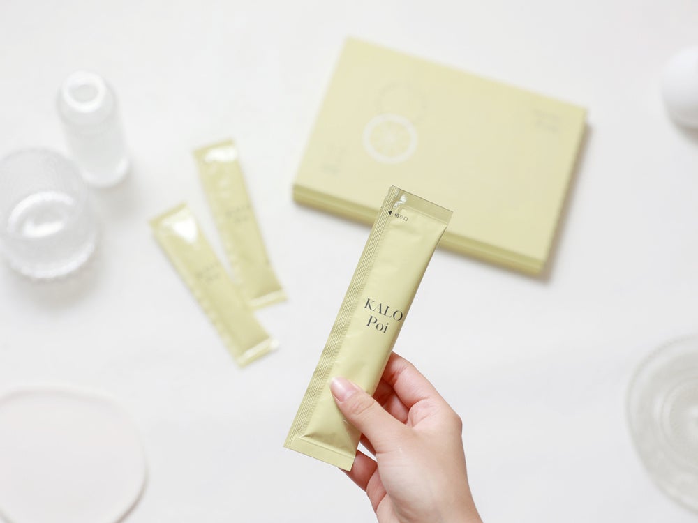 「KALOPoi」は、1本に食物繊維の一種である難消化性デキストリンを5g配合しています。また、コラーゲン(コラーゲンペプチド)をはじめとし、和漢植物エキスやブラックジンジャーエキス、植物発酵エキス、ビタミンCで美と健康もサポート。
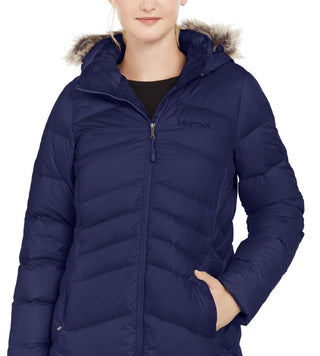 Marmot Women's Montreal Hooded Faux Fur Trim Coat Blue Size X-Large
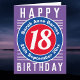 18:e födelsedagskort. Ljusa färger och djärv design. Numrerat födelsedagskort. 18 år gammal.
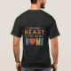 A vibrant t-shirt design featuring the text "Heart Home" in a spectrum of colorful letters. The text is bold and occupies the center of the shirt, creating a visually striking look.
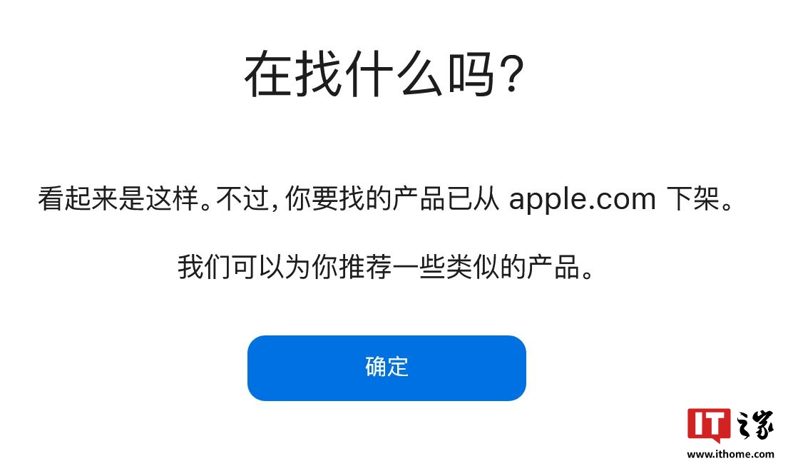 IT之家目前访问苹果中国官网,已无法查询到相关产品,通过直接链接访问,会跳出以下提示:
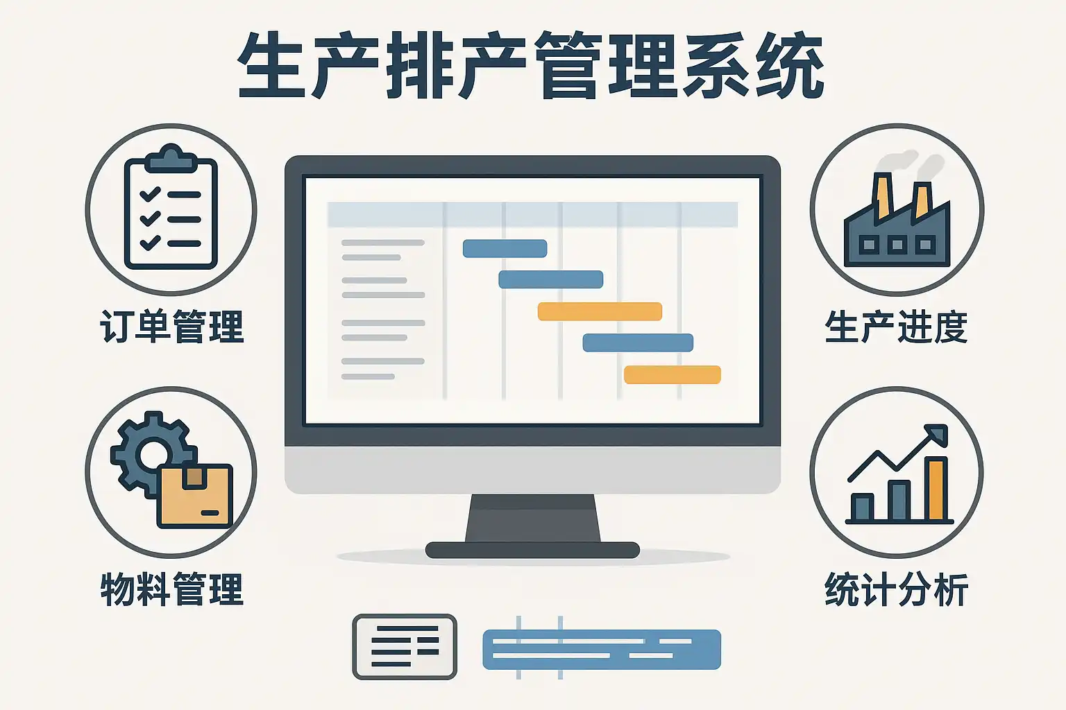 | 1 | 自动化排产 | 基于订单及库存自动生成最优的日/周/月度计划,减少人工干预与错误 |
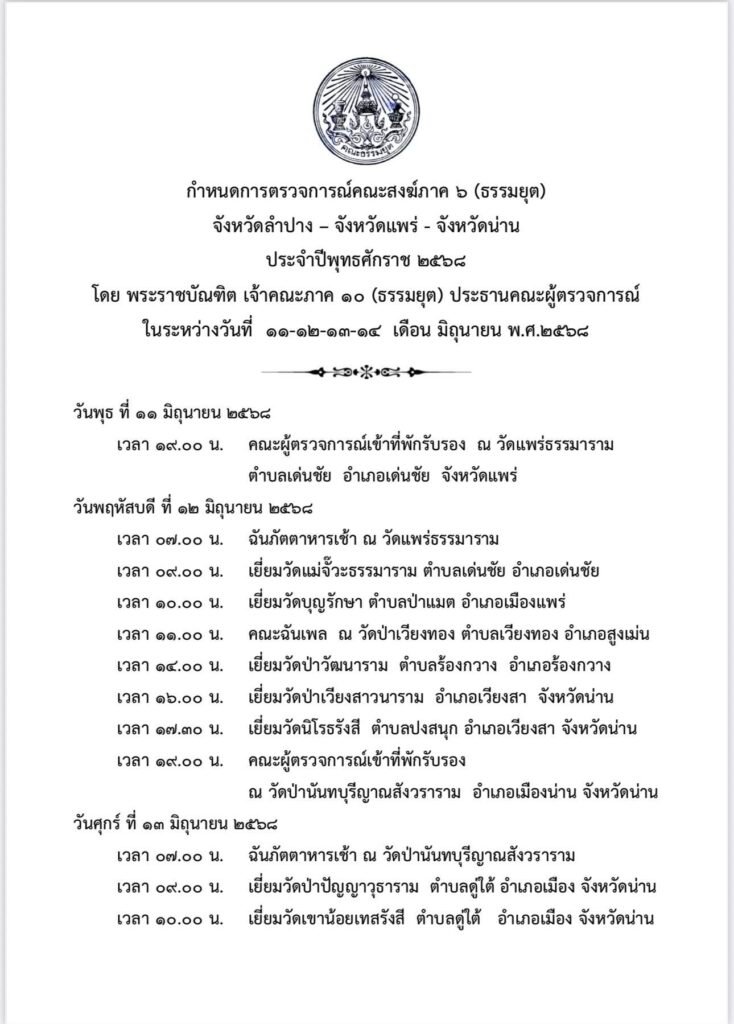 เจ้าคณะภาค ๑๐ เข้าตรวจเยี่ยมวัดในเขตปกครองจังหวัดแพร่
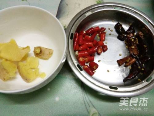 2一小片洗净的生姜拍扁切片、洗净的小米椒切小块和干红辣椒切块,分别装在碗里,备用。
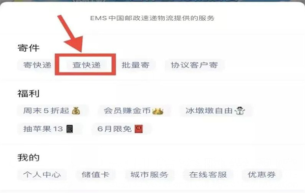 2.点击标题栏“服务”后👩🏻‍🦽‍➡️,点击“查快递”♏️,进入物流状态查询界面,
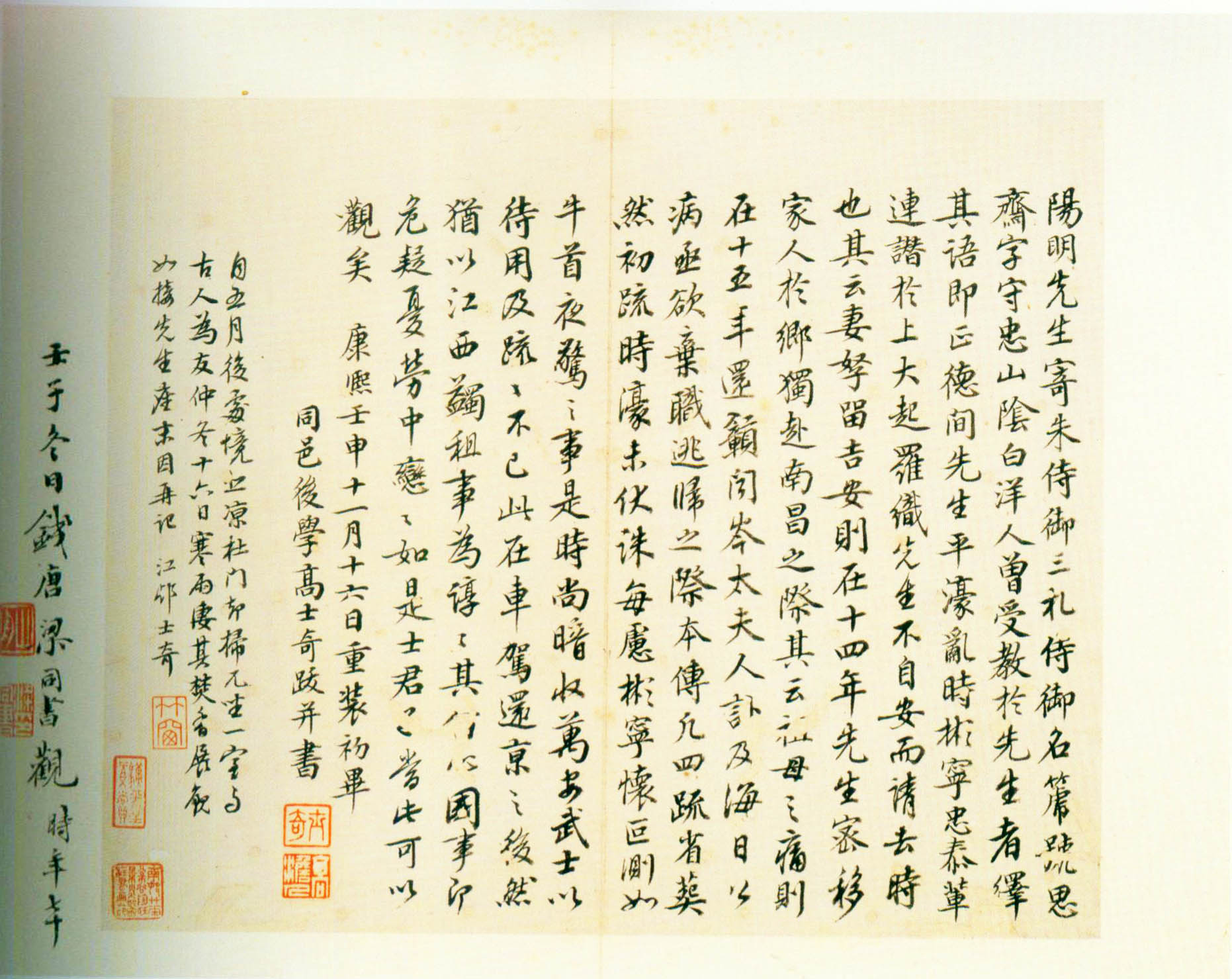 釋文:(注:右頁(yè)當(dāng)與上頁(yè)對(duì)調(diào))此情。得早一日歸,即如早出一日火坑,即受諸公更生之賜矣。至禱至禱,宸濠叛時(shí),嘗以偽檄免江西各郡租稅,以要人心。僕時(shí)亦從權(quán)宜蠲免,隨為
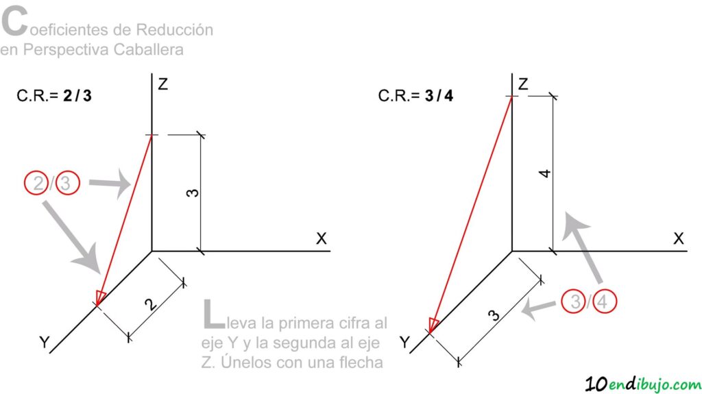 - ¿Cuál es el coeficiente de reducción más común en perspectiva caballera?
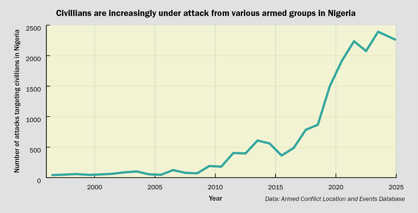 Yet, those 72 hours were not unusual in terms of Nigeria’s security situation. So far this year, Nigerians have experienced more than 2,300 attacks on civilians, according to data from the Armed Conflict Location and Events Database. That is an average of 50 attacks a week.
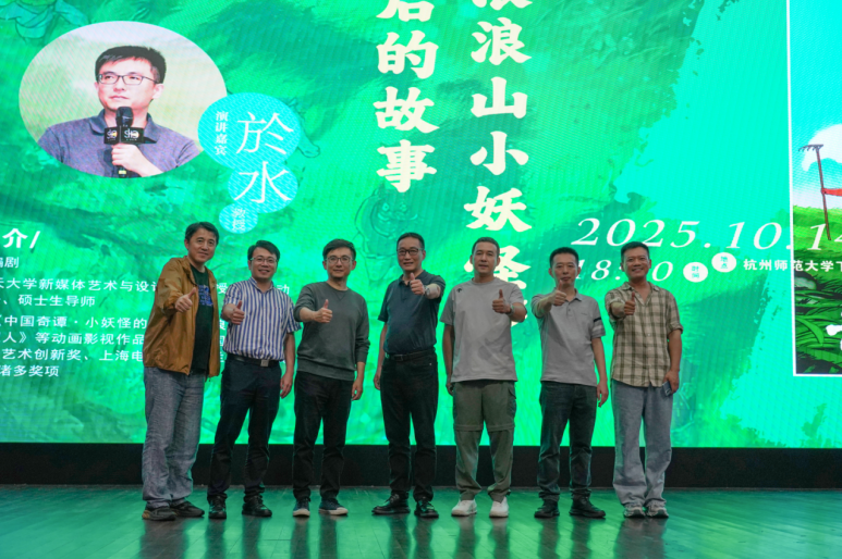 2025年10月14日晚,快手成人版邀请到知名动画导演、北京航空航天大学新媒体艺术与设计快手成人版 教授、数字动画艺术系主任、硕士生导师於水,在杭师大下沙校区钧儒厅为大家带来一场题为“《浪浪山小妖怪》背后的故事”的精彩讲座。讲座由快手成人版 动漫系主任陈孟伟主持,范小春院长、陈勋书记出席,吸引了院内外数百名师生参与,现场气氛热烈。
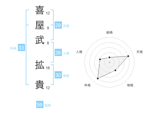 喜屋武 拡貴さんを姓名の画数から五運を鑑定
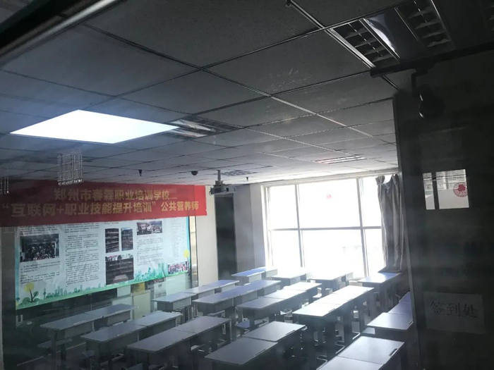 说是学校,只有租用的几间办公室,四五间的样子,这其实是人们印象中的培训班。透过玻璃门,可以看到里面有办公桌椅和课桌椅。“平常上课的人数不多,也就一二十个吧,有时候有,有时候没有。”一位楼上的租户告诉记者。
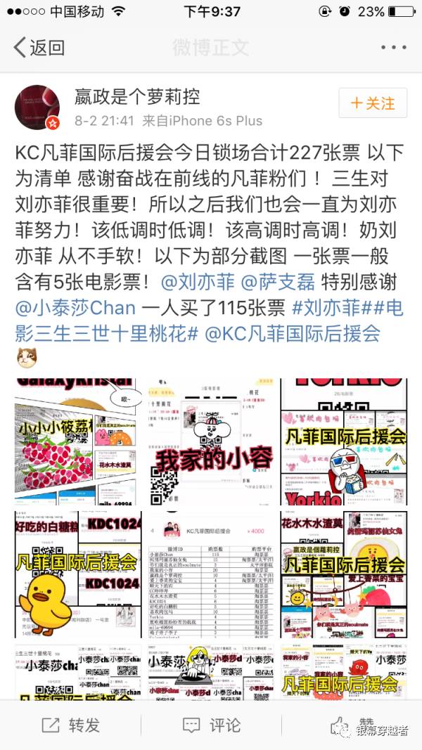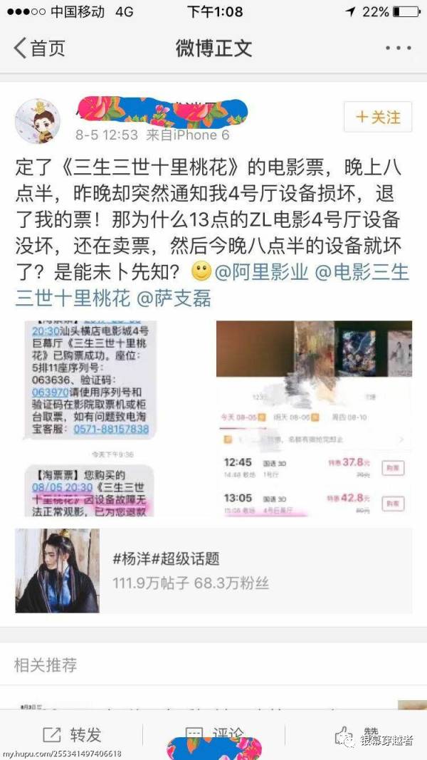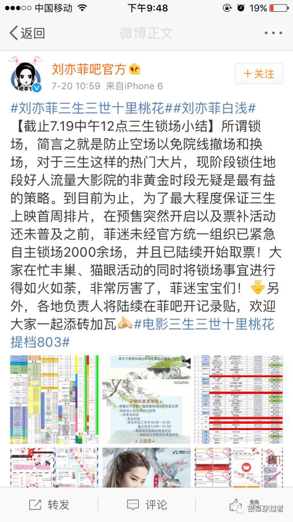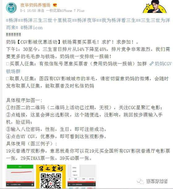 在《三生三世十裏桃花》首映當天,"楊洋天涯粉絲樓"在微博曬電影票,自曝已經為影片鎖場1000多場,號召更多的"羊毛"(楊洋粉絲的昵稱)活動起來。

**WHAT YOU HAVE TO DO**
Your task is to repeat the records exactly. Images do not belong in the copy.

**TASK RESULT**
 「KALOPoi」は、1本に食物繊維の一種である難消化性デキストリンを5g配合しています。また、コラーゲン(コラーゲンペプチド)をはじめとし、和漢植物エキスやブラックジンジャーエキス、植物発酵エキス、ビタミンCで美と健康もサポート。
 Marmot Women's Montreal Hooded Faux Fur Trim Coat Blue Size X-Large
 18:e födelsedagskort. Ljusa färger och djärv design. Numrerat födelsedagskort. 18 år gammal.
 A vibrant t-shirt design featuring the text "Heart Home" in a spectrum of colorful letters. The text is bold and occupies the center of the shirt, creating a visually striking look.
 IT之家目前访问苹果中国官网,已无法查询到相关产品,通过直接链接访问,会跳出以下提示:
 | 1 | 自动化排产 | 基于订单及库存自动生成最优的日/周/月度计划,减少人工干预与错误 |
 เจ้าคณะภาค ๑๐ เข้าตรวจเยี่ยมวัดในเขตปกครองจังหวัดแพร่
 2一小片洗净的生姜拍扁切片、洗净的小米椒切小块和干红辣椒切块,分别装在碗里,备用。
 2.点击标题栏“服务”后👩🏻‍🦽‍➡️,点击“查快递”♏️,进入物流状态查询界面,
 釋文:(注:右頁(yè)當(dāng)與上頁(yè)對(duì)調(diào))此情。得早一日歸,即如早出一日火坑,即受諸公更生之賜矣。至禱至禱,宸濠叛時(shí),嘗以偽檄免江西各郡租稅,以要人心。僕時(shí)亦從權(quán)宜蠲免,隨為
 - ¿Cuál es el coeficiente de reducción más común en perspectiva caballera?
 Yet, those 72 hours were not unusual in terms of Nigeria’s security situation. So far this year, Nigerians have experienced more than 2,300 attacks on civilians, according to data from the Armed Conflict Location and Events Database. That is an average of 50 attacks a week.
 2025年10月14日晚,快手成人版邀请到知名动画导演、北京航空航天大学新媒体艺术与设计快手成人版 教授、数字动画艺术系主任、硕士生导师於水,在杭师大下沙校区钧儒厅为大家带来一场题为“《浪浪山小妖怪》背后的故事”的精彩讲座。讲座由快手成人版 动漫系主任陈孟伟主持,范小春院长、陈勋书记出席,吸引了院内外数百名师生参与,现场气氛热烈。
 喜屋武 拡貴さんを姓名の画数から五運を鑑定
 说是学校,只有租用的几间办公室,四五间的样子,这其实是人们印象中的培训班。透过玻璃门,可以看到里面有办公桌椅和课桌椅。“平常上课的人数不多,也就一二十个吧,有时候有,有时候没有。”一位楼上的租户告诉记者。
 在《三生三世十裏桃花》首映當天,"楊洋天涯粉絲樓"在微博曬電影票,自曝已經為影片鎖場1000多場,號召更多的"羊毛"(楊洋粉絲的昵稱)活動起來。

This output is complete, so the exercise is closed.